Seems like a ridiculous question and scenario. But believe it or not, this is a true story according to Professor Cathy Davidson. I am taking Davidson’s fantastic MOOC course “The Future and History of Mostly Higher Education”. In the course, she tells the following story:
“In the 1830s, a mathematician at Yale decided he needed to write on a blackboard. The elite method of learning at Yale, up until that point, was called the recitation, where the professor and the student constantly recited and memorized work back and forth to each other. The idea that a professor would use a blackboard was considered demeaning to the great recitators of Yale, and the students actually rioted when the professor introduced this radical new technology into his Yale classrooms. The students were expelled, and after a while, the trustees decided to reinstate the students, but only under the condition that they accept the blackboard. And, pretty soon, the blackboard spread like wildfire.”

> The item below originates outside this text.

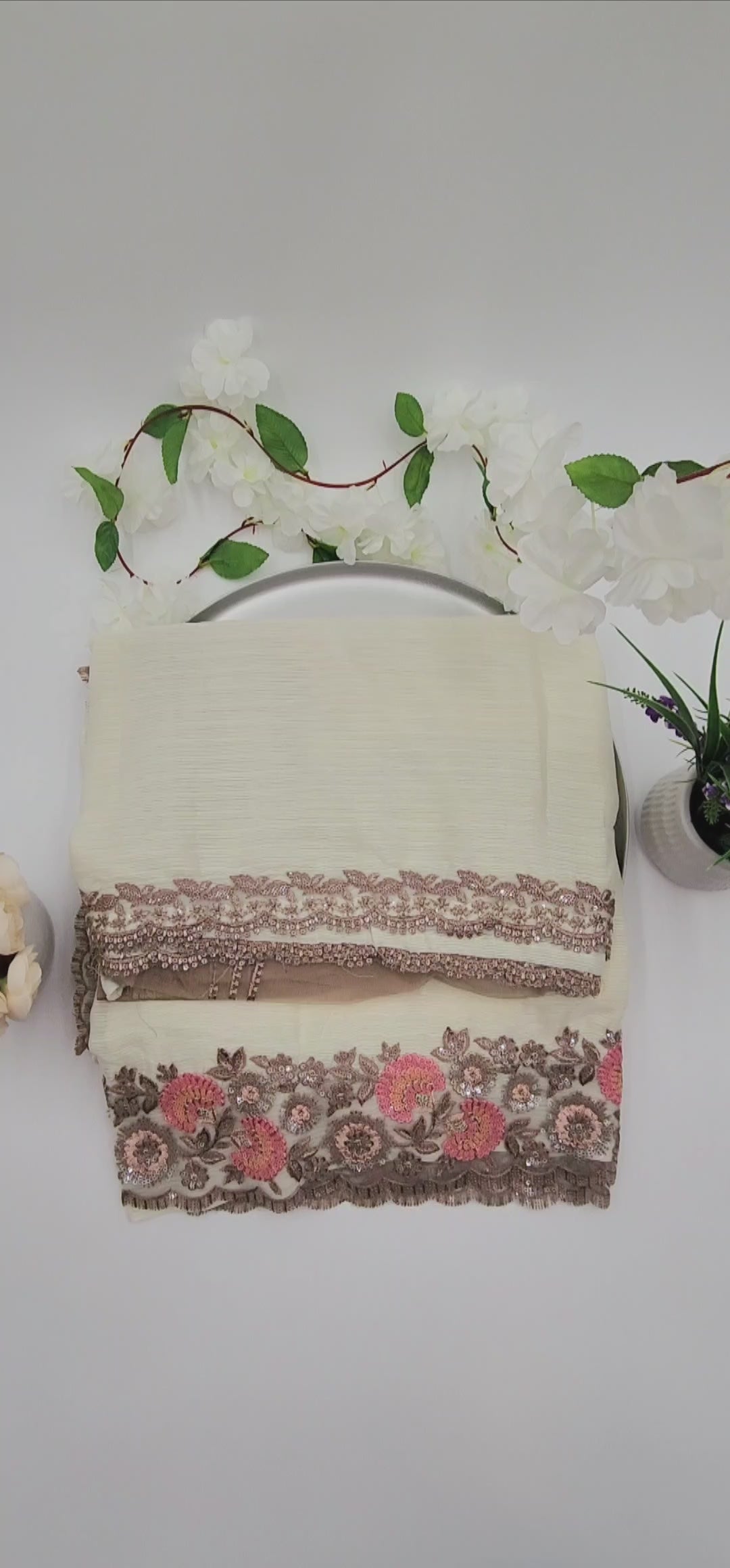 Designer Fancy Partywear Indian Saree Fancy Fabric , Soft Silk White Embroidery works

This isn’t the only ludicrous example of individuals’ overreaction to new ways of learning and consuming content. Davidson also noted in the class that in the 18th century, the concept of novel writing caused an uproar. The Founding Fathers believed novels were a distraction, ruined your memory, made you distaste elite literature, made you susceptible to sexual predators and were filled with anarchic ideas.
She also talks about how Socrates believed that the new concept of writing diminished the complexity of thought and ruined the dialogical process between people and hurt the memory.
It is easy in 2014 to laugh at the irrational thought of generations before us. However, not so fast. What about us? I’m sure that there were people just a couple decades back who hated this new technology called email and preferred sending information via FAX. You know – those passwords can be awfully complicated…. In the year 2214, what will our great, great, great grandchildren say about us?
Will they be incredulous to the fact that so few professors are leveraging the power of digital communications to disseminate their thought leadership and expertise? Will they be shocked that there has been resistance to the concept of MOOCs? Will they make fun of us communicators that might have been reluctant to embrace a new social media channel?